Reversing a Checksum Algorithm?
Todd asks: "Does anyone have good suggestions or advice regarding techniques for determining the checksum of a serial data protocol? I am currently working on a fun little project using a digital display sign which uses an unknown serial protocol. I cannot move on with the project until I figure this dreaded checksum out."
really.
I don't think you have much choice but brute-force it.
Collect as many as possible checksum -generators, and try them on portions of message.
Some more-or less trivial are 'LRC', CRC, CRC16, and CRC32 ones. Of course XOR too. difficulty is to determine which characters go to checksum, as it's not always that 'STX'/'ETX' are included.

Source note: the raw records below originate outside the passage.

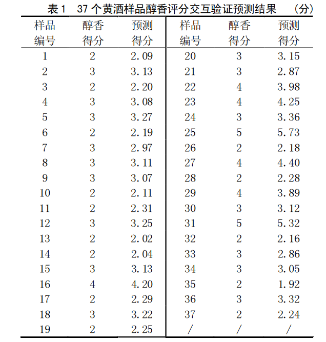 從表 1 可以看出, 所有樣品的醇香得分經交互驗證顯示,驗證準確率為 97.3 %。其中 25 號樣品醇香分值為5 分的酒樣,其預測得分略高,查得此樣品為 40 年陳釀,而 31 號樣品醇香分值為 5 分,預測結果相對接近,查得此樣品為 20 年陳釀。這可能是由于二者年份上的差異加上評分機制最高為 5 分,而導致預測結果略有偏離。在實際感官品評時,不影響其得到最高分值。
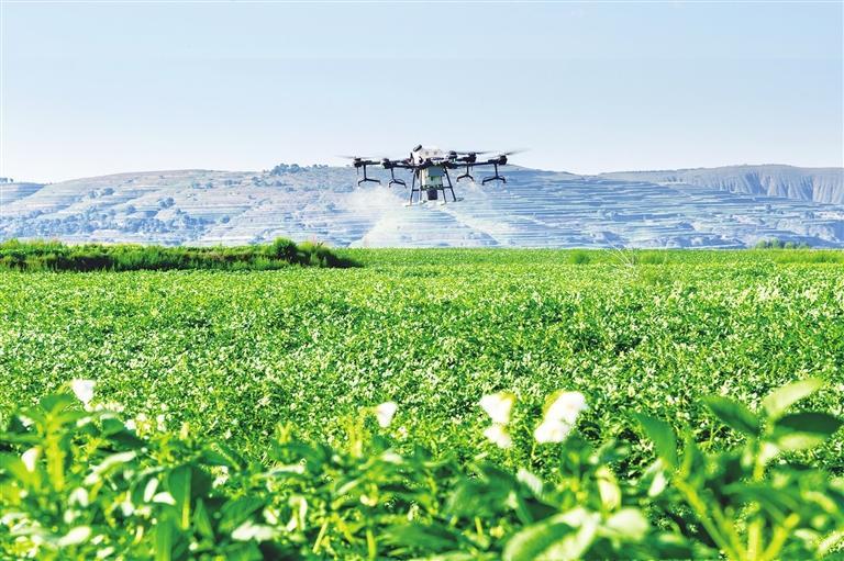 定西马铃薯标准化种植基地的无人机作业场景。杨大巍
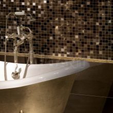 - Keramik. Es kann die jüngere Schwester der gewöhnlichen Keramikfliesen genannt werden. Die Farben und das Aussehen eines solchen Mosaiks variieren stark. Seine Oberfläche kann "gealtert" werden - Risse und Flecken werden nachgeahmt. Die keramische Stärke des Mosaiks ist sein Vorteil. Geeignet für den allgemeinen Gebrauch.

fucktard is a tenderhearted description
Is it a very simple machine with a very simple processor and limited memory? If so, they may well have written their own with shifts and xors. On the other hand, if it is a modern processor with megabytes of memory, they probably have used a library function. Can you get access to the standard libraries for that chip?
How long is the checksum? What happens if you feed a wrong one? If it is just a single byte, and the box doesn't lock up completely on error, try all possible values for every packet!

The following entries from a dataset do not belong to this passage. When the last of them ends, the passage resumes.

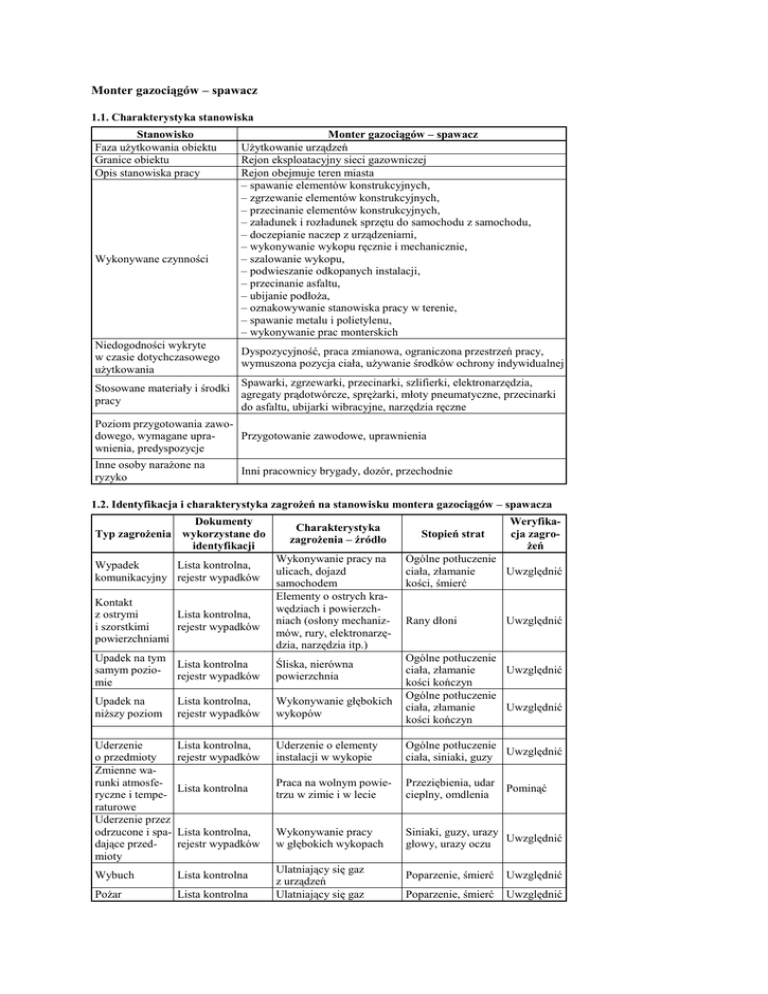 Monter gazociągów – spawacz 1.1. Charakterystyka stanowiska Stanowisko Faza użytkowania obiektu Granice obiektu Opis stanowiska pracy Wykonywane czynności Niedogodności wykryte w czasie dotychczasowego użytkowania Monter gazociągów – spawacz Użytkowanie urządzeń Rejon eksploatacyjny sieci gazowniczej Rejon obejmuje teren miasta – spawanie elementów konstrukcyjnych, – zgrzewanie elementów konstrukcyjnych, – przecinanie elementów konstrukcyjnych, – załadunek i rozładunek sprzętu do samochodu z samochodu, – doczepianie naczep z urządzeniami, – wykonywanie wykopu ręcznie i mechanicznie, – szalowanie wykopu, – podwieszanie odkopanych instalacji, – przecinanie asfaltu, – ubijanie podłoża, – oznakowywanie stanowiska pracy w terenie, – spawanie metalu i polietylenu, – wykonywanie prac monterskich Dyspozycyjność, praca zmianowa, ograniczona przestrzeń pracy, wymuszona pozycja ciała, używanie środków ochrony indywidualnej Spawarki, zgrzewarki, przecinarki, szlifierki, elektronarzędzia, Stosowane materiały i środki agregaty prądotwórcze, sprężarki, młoty pneumatyczne, przecinarki pracy do asfaltu, ubijarki wibracyjne, narzędzia ręczne Poziom przygotowania zawodowego, wymagane upraPrzygotowanie zawodowe, uprawnienia wnienia, predyspozycje Inne osoby narażone na ryzyko Inni pracownicy brygady, dozór, przechodnie 1.2. Identyfikacja i charakterystyka zagrożeń na stanowisku montera gazociągów – spawacza Dokumenty Typ zagrożenia wykorzystane do identyfikacji Wypadek Lista kontrolna, komunikacyjny rejestr wypadków Kontakt z ostrymi Lista kontrolna, i szorstkimi rejestr wypadków powierzchniami Charakterystyka zagrożenia – źródło Wykonywanie pracy na ulicach, dojazd samochodem Elementy o ostrych krawędziach i powierzchniach (osłony mechanizmów, rury, elektronarzędzia, narzędzia itp.) Stopień strat Weryfikacja zagrożeń Ogólne potłuczenie ciała, złamanie Uwzględnić kości, śmierć Rany dłoni Uwzględnić Ogólne potłuczenie ciała, złamanie Uwzględnić kości kończyn Ogólne potłuczenie ciała, złamanie Uwzględnić kości kończyn Upadek na tym Lista kontrolna samym poziorejestr wypadków mie Śliska, nierówna powierzchnia Upadek na niższy poziom Lista kontrolna, rejestr wypadków Wykonywanie głębokich wykopów Uderzenie o przedmioty Zmienne warunki atmosferyczne i temperaturowe Uderzenie przez odrzucone i spadające przedmioty Lista kontrolna, rejestr wypadków Uderzenie o elementy instalacji w wykopie Ogólne potłuczenie Uwzględnić ciała, siniaki, guzy Lista kontrolna Praca na wolnym powietrzu w zimie i w lecie Przeziębienia, udar cieplny, omdlenia Lista kontrolna, rejestr wypadków Wykonywanie pracy w głębokich wykopach Siniaki, guzy, urazy Uwzględnić głowy, urazy oczu Wybuch Lista kontrolna Pożar Lista kontrolna Ulatniający się gaz z urządzeń Ulatniający się gaz Pominąć Poparzenie, śmierć Uwzględnić Poparzenie, śmierć Uwzględnić Dokumenty Typ zagrożenia wykorzystane do identyfikacji Charakterystyka zagrożenia – źródło Stopień strat Weryfikacja zagrożeń z urządzeń Zasypanie, zalanie wodą w wykopie Kontakt z energią elektryczną Wibracja Hałas Termiczne działanie łuku elektrycznego Kontakt z gorącymi powierzchniami Promieniowanie ultrafioletowe Substancje i preparaty chemiczne toksyczne Wirus Flaviviridae (kleszczowe zapalenie mózgu) gr. 3, szczepienie Borrelia spp. gr. 2, brak szczepień Clostridium perfringens Laseczka zgorzeli gazowej gr. 2, brak szczepień Clostridium tetani Laseczka tężca gr. 2, szczepienia T Lista kontrolna, rejestr wypadków Lista kontrolna Lista kontrolna, rejestr chorób zawodowych Lista kontrolna, rejestr chorób zawodowych Wykonywanie pracy w głębokich wykopach ogólne potłuczenie ciała, złamanie kości Uwzględnić kończyny, śmierć Wykonywanie pracy w wykopach obok instalacji elektrycznych, uży- Porażenie, śmierć wane urządzenia zasilane energią elektryczną Ubijanie ziemi ubijarką Zespół chorób wibracyjną, praca młotem wibracyjnych pneumatycznym Uwzględnić Uwzględnić Sprężarka, młot pneumatyczny, ruch uliczny Utrata słuchu Uwzględnić Lista kontrolna, rejestr wypadków Spawanie elektryczne Poparzenie, urazy oczu Uwzględnić Lista kontrolna, rejestr wypadków Gorące powierzchnie spawanych konstrukcji Poparzenie Uwzględnić Lista kontrolna, rejestr wypadków Spawanie elektryczne Poparzenie, urazy oczu Uwzględnić Lista kontrolna Dymy spawalnicze, spawanie w głębokich wykopach Zatrucie Uwzględnić Lista kontrolna Droga zakażenia – ukłucie Zapalenie mózgu, kleszczy, praca w terenie gorączka (krzewy, drzewa) Uwzględnić Lista kontrolna Droga zakażenia – ukłucie Gorączki kleszczy, praca w terenie nawracające, (krzewy, drzewa) borelioza Uwzględnić Lista kontrolna Kontakt z glebą droga zakażenia – bezpośrednia, po zranieniach Zgorzel gazowa z rozpadem tkanek, Uwzględnić zapalenie tkanki łącznej, posocznica Lista kontrolna Kontakt z glebą droga zakażenia – bezpośrednia, po zranieniach Tężec, działanie toksyczne Uwzględnić 10.3. Ocena ryzyka zawodowego na stanowisku montera gazociągów – spawacza (ocena wykonana metodą RISK SCORE) Typ zagrożenia Charakterystyka zagrożenia – źródło Poziom ryzyka Możliwość uniknięcia lub SEP = R ograniczenia strat Działania zapobiegawcze 1560,5 = 45 – ryzyko małe. Oświetlenie sygnaOgólne potłuczePotrzebna kontrola, zaleca lizacyjne, ogrodzenie ciała, złamasię zaplanowanie i podjęnia, kamizelki nie kości, śmierć cie działań, których celem ostrzegawcze jest zmniejszenie ryzyka zawodowego Stopień strat Wypadek komunikacyjny Wykonywanie pracy na ulicach, dojazd samochodem Kontakt z ostrymi i szorstkimi powierzchniami Elementy o ostrych krawędziach i powierzchniach (osłony mechaRany dłoni nizmów, rury, narzędzia, elektronarzędzia) Osłony mechanizmów, środki ochrony indywidualnej 361 = 18 – ry
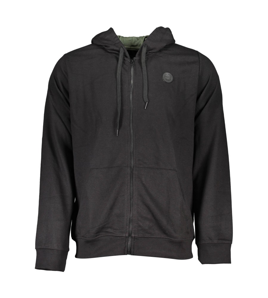 megztinis ilgomis rankovėmis su gobtuvu, šlifuotas, 2 centrinės kišenės, užtrauktukas, aplikacija, logotipas
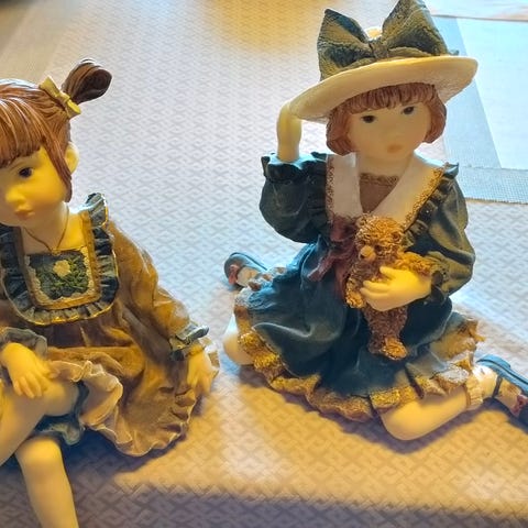 Tre små porselensfigurar, to hollandske figurar med børtre og tre små bøtter, ein liten hund. Porselensjenta er limt, men så pent reparert at det er vanskeleg å oppdage. Jenta og guten er 9 cm høge, hunden 4 cm høg. Kr 105 + ev. porto. Eg bruker ikkje betalings-/ sendingsløysinga Fiks ferdig.

Why do you think they put the checksum in the protocol? To catch a few dropped bits over a bad line, or to prevent tampering? If the later, watch out for some real cryptography. If only the former, assume they took the path of least resistance.
In Murphy We Turst
you said you have a DOS application that generates the data.

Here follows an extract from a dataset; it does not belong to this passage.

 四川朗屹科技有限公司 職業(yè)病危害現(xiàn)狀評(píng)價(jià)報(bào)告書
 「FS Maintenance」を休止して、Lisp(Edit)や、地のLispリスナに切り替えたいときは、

Well run it in a debugger and locate the part the does generates the checksum, you could rip the code out directly(or load the application up into memory and call the checksum bit), this will probably violate a few laws though.
So the best way is use there code to work out the algorythm and then write you own code(even better get someone else to do it) based on the algorythm
thank God the internet isn't a human right.
I played around with the sample data you provided. I came across some funny business which I am almost certain is an error in your spreadsheet, which throws the whole thing into doubt. Did you mean to repeat the slot encoding 0x05 for both slots 5 and 6? I'm going to assume it was a typo. If so, I learned the following about the impact the slot number has on the checksum:
8-bit-number
Bits == 76543210
Csum(x) is the value of the checksum with slot #x and all else held constant.
Csum(x) = Csum(0) +
(Bit0(x) ? -0x0F : 0) +
(Bit1(x) ? -0x1E : 0) +
(Bit2(x) ? +0x3C : 0) +
(Bit3(x) ? -0x78 : 0) +
(Bit4(x) ? -0xF0 : 0)
Note that the values added/subtracted for each bit follow a pattern:
0x0F = 00001111
0x1E = 00011110
0x3C = 00111100
0x78 = 01111000
0xF0 = 11110000
More data might shed some light on the pattern. Whatever the case, I think this is reminiscent of a CRC16, since I don't think a checksum would have this kind of behavior -- a standard addition checksum or a XOR-based checksum (even with bit rotation) would make a bit always add/subtract the same amount, but it would be a power of 2 (I think).
So now you need to find the CRC's polynomial, and I don't know enough about that kind of thing to help you. (And there is a chance that everything I've said here is wrong, since this is not my specialty!)
Time flies like an arrow. Fruit flies like a banana.
Have you tried emailing this guy? According to his resume, he worked at SilentRadio from 1980-1997, eventually ending up as vice president. And if he doesn't know the answer, maybe he can get you in touch with Mike Levin, the guy who started the company.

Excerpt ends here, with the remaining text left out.